> **TASK**
From the entries below, print exactly the span beginning with the line holding "Les jeux de" and ending with the line holding "今回は、グループでメニューを", endpoints included, and skip any pictures.

> **DATA**
# # # # #

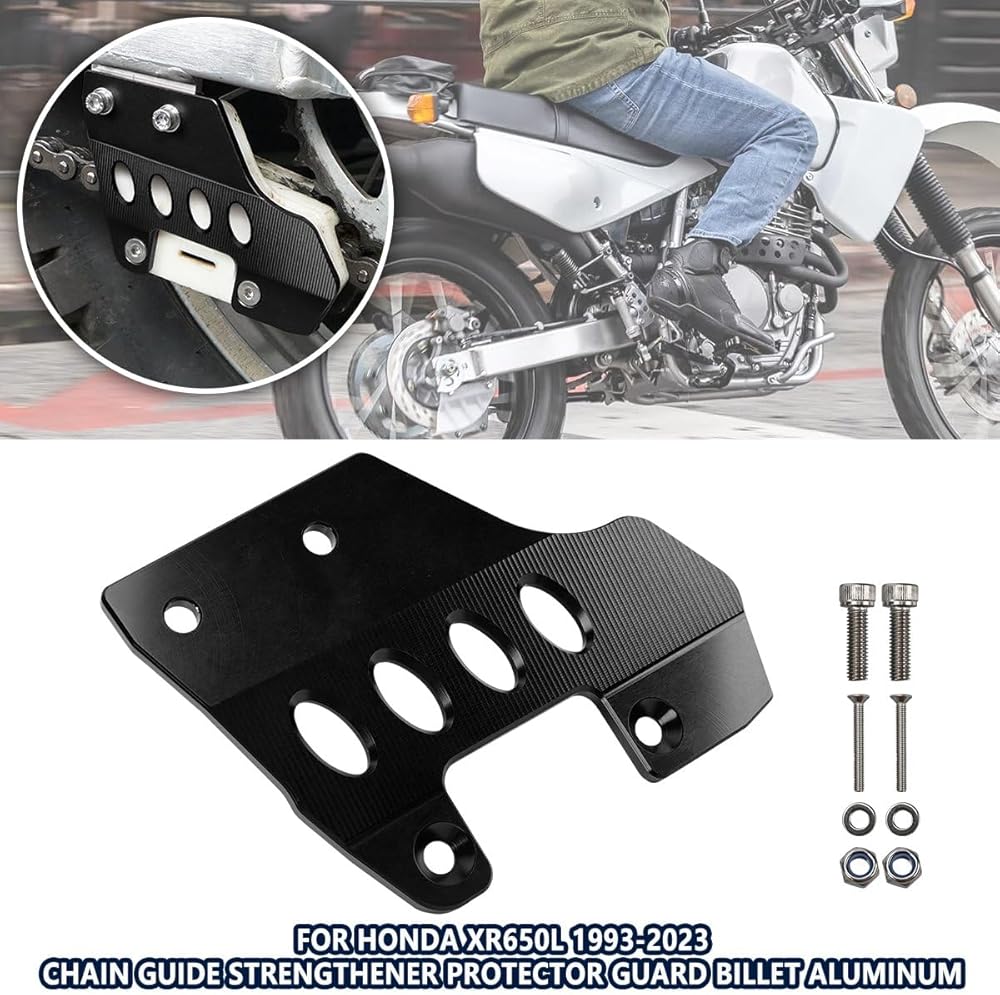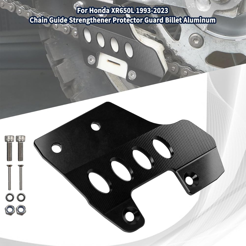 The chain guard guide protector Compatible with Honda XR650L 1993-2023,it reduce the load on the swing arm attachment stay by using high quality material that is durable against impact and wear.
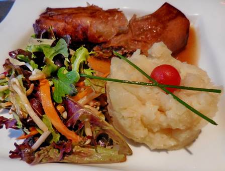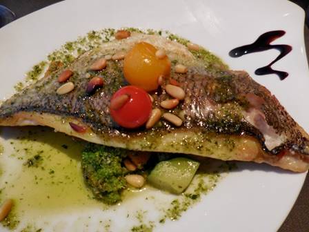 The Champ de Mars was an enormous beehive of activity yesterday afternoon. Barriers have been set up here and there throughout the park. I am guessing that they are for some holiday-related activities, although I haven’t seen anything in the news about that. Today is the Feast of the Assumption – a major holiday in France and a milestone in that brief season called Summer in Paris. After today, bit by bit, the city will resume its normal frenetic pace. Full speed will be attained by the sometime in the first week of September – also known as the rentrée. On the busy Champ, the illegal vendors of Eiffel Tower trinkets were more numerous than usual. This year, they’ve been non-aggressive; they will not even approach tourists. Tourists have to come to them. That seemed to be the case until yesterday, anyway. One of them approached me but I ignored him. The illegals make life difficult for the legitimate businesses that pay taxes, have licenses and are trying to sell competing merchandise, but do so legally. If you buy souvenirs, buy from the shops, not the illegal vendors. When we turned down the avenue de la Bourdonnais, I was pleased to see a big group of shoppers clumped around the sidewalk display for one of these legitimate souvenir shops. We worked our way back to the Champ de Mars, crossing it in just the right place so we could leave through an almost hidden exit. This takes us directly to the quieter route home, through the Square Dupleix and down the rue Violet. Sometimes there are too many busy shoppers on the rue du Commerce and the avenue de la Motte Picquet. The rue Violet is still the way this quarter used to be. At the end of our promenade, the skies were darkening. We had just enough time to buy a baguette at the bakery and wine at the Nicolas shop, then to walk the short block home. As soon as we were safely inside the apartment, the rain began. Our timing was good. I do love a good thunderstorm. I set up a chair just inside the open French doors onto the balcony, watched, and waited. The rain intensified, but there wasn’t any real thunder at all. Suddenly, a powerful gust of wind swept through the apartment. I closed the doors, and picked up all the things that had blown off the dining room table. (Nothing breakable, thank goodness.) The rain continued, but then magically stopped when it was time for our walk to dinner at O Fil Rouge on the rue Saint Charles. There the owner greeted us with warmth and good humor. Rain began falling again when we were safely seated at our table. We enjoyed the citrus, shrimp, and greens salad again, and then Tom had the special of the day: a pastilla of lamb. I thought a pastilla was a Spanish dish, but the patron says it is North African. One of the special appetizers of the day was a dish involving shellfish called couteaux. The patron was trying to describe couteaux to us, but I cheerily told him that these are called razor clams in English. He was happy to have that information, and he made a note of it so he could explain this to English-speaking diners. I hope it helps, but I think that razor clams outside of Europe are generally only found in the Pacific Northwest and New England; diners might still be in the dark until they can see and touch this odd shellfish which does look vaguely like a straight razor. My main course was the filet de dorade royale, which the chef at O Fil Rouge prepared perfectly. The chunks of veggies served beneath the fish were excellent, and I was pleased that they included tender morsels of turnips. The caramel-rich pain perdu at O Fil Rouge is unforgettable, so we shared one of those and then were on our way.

# # # # #

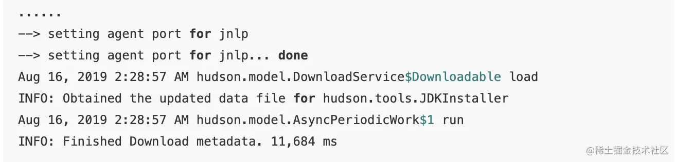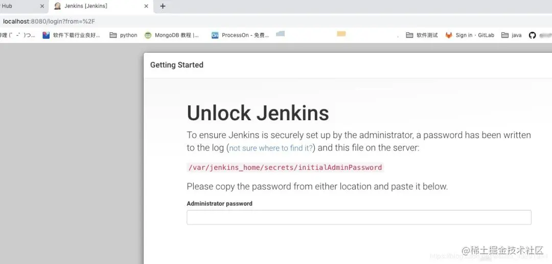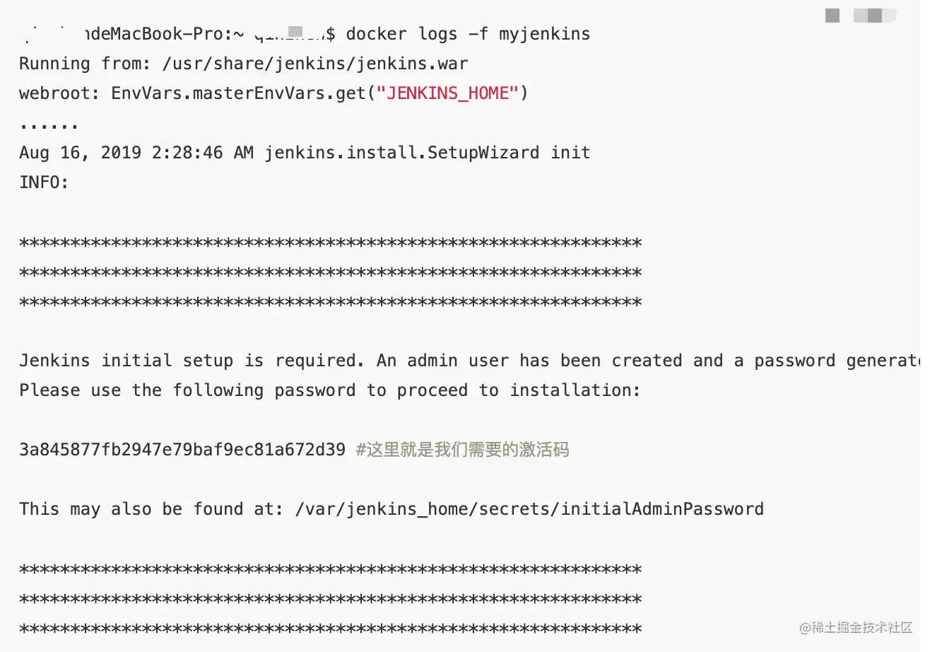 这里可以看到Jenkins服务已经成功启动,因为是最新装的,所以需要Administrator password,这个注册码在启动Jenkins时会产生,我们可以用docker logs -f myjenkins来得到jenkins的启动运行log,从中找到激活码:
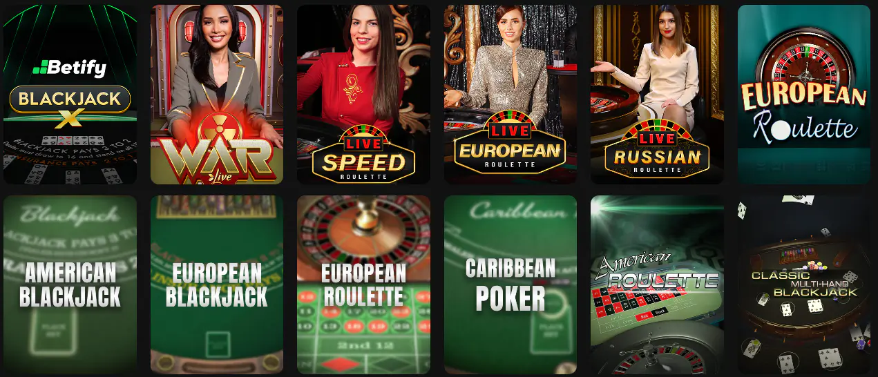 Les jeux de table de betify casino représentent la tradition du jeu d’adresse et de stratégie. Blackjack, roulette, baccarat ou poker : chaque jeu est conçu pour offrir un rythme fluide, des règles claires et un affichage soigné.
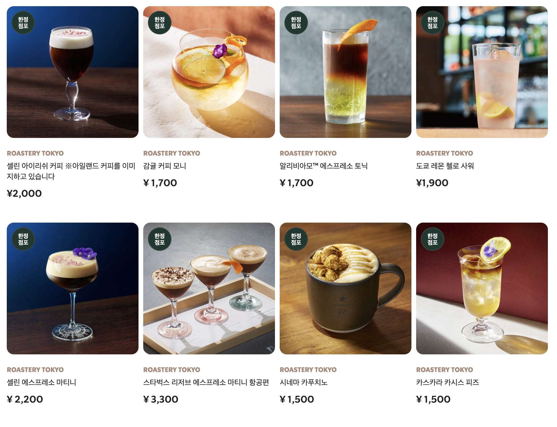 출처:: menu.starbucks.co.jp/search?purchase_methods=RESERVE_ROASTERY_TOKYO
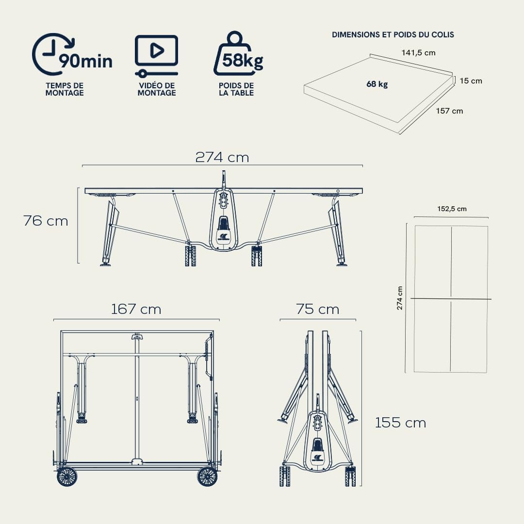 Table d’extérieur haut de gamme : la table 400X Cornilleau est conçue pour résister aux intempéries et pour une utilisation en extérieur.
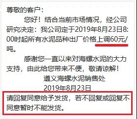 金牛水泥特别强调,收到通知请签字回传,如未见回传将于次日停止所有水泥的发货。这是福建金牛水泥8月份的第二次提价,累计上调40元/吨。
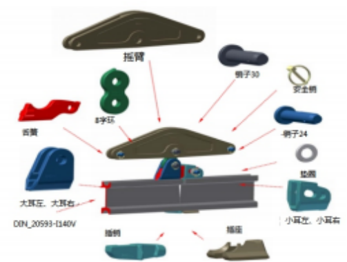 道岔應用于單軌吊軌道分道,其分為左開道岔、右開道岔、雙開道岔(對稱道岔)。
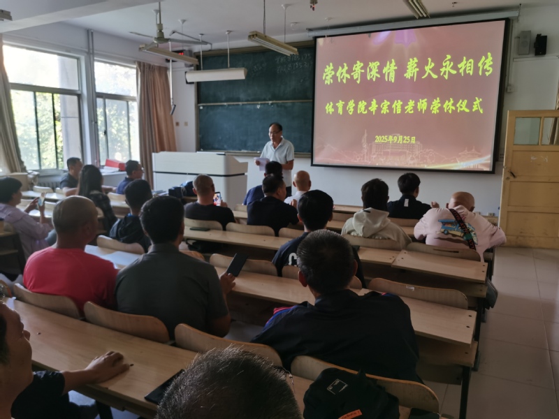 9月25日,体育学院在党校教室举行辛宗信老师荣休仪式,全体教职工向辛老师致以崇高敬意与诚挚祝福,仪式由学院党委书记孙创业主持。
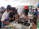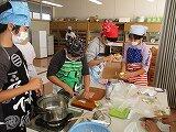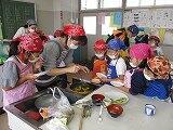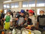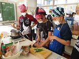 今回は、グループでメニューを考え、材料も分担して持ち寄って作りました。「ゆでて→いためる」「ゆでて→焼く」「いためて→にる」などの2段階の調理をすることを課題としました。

# # # # #

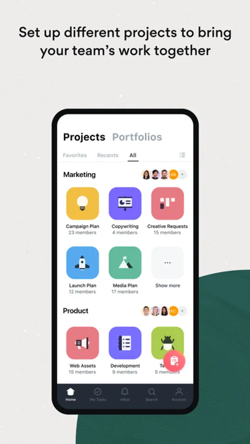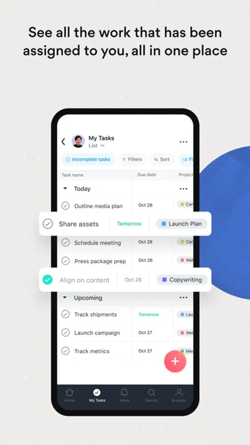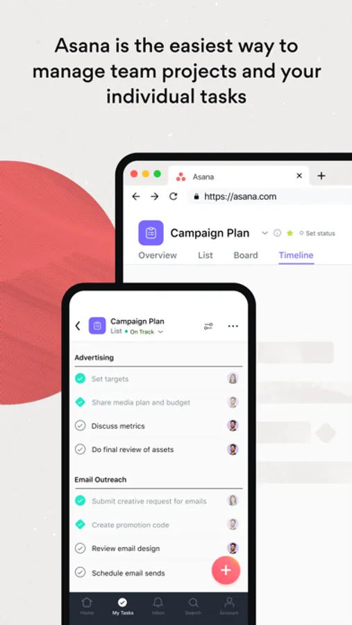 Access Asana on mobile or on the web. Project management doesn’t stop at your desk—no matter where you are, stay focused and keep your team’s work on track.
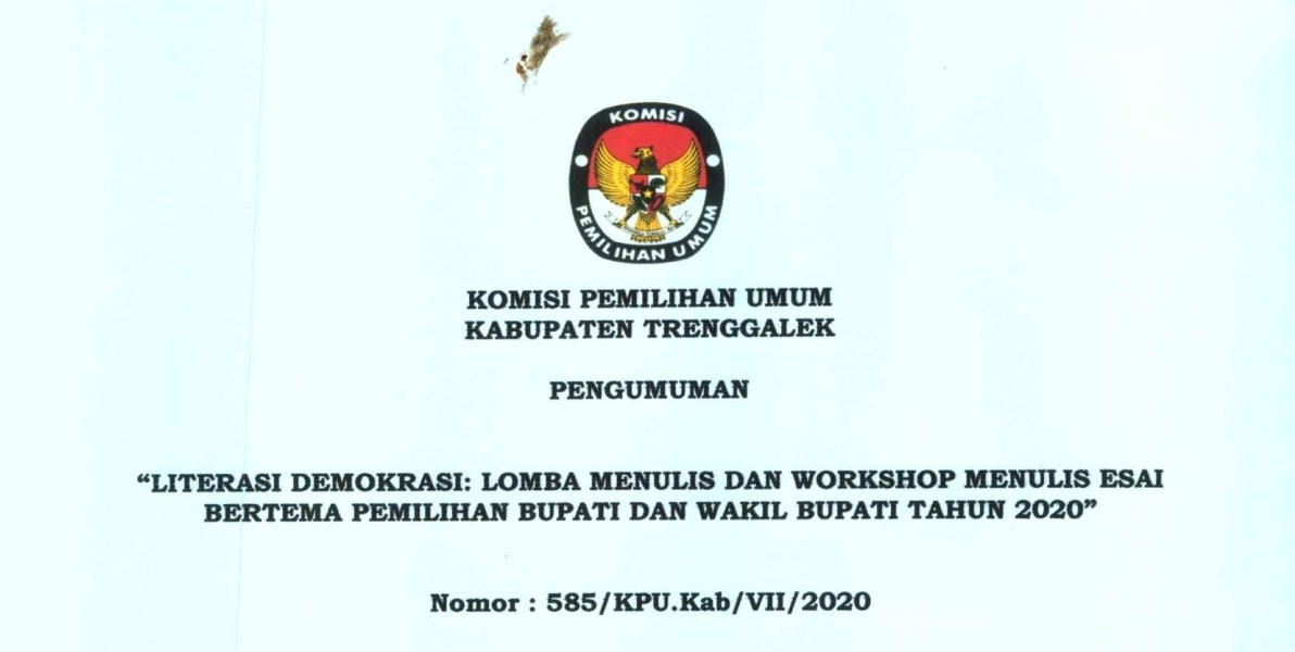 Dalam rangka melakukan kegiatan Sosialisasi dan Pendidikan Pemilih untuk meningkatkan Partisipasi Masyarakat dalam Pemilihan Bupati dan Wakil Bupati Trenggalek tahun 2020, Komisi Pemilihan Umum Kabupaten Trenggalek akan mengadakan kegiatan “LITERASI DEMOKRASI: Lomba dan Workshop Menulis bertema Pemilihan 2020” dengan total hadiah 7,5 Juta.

# # # # #

> **RESPONSE AREA**
 Les jeux de table de betify casino représentent la tradition du jeu d’adresse et de stratégie. Blackjack, roulette, baccarat ou poker : chaque jeu est conçu pour offrir un rythme fluide, des règles claires et un affichage soigné.
 출처:: menu.starbucks.co.jp/search?purchase_methods=RESERVE_ROASTERY_TOKYO
 Table d’extérieur haut de gamme : la table 400X Cornilleau est conçue pour résister aux intempéries et pour une utilisation en extérieur.
 金牛水泥特别强调,收到通知请签字回传,如未见回传将于次日停止所有水泥的发货。这是福建金牛水泥8月份的第二次提价,累计上调40元/吨。
 道岔應用于單軌吊軌道分道,其分為左開道岔、右開道岔、雙開道岔(對稱道岔)。
 9月25日,体育学院在党校教室举行辛宗信老师荣休仪式,全体教职工向辛老师致以崇高敬意与诚挚祝福,仪式由学院党委书记孙创业主持。
 今回は、グループでメニューを考え、材料も分担して持ち寄って作りました。「ゆでて→いためる」「ゆでて→焼く」「いためて→にる」などの2段階の調理をすることを課題としました。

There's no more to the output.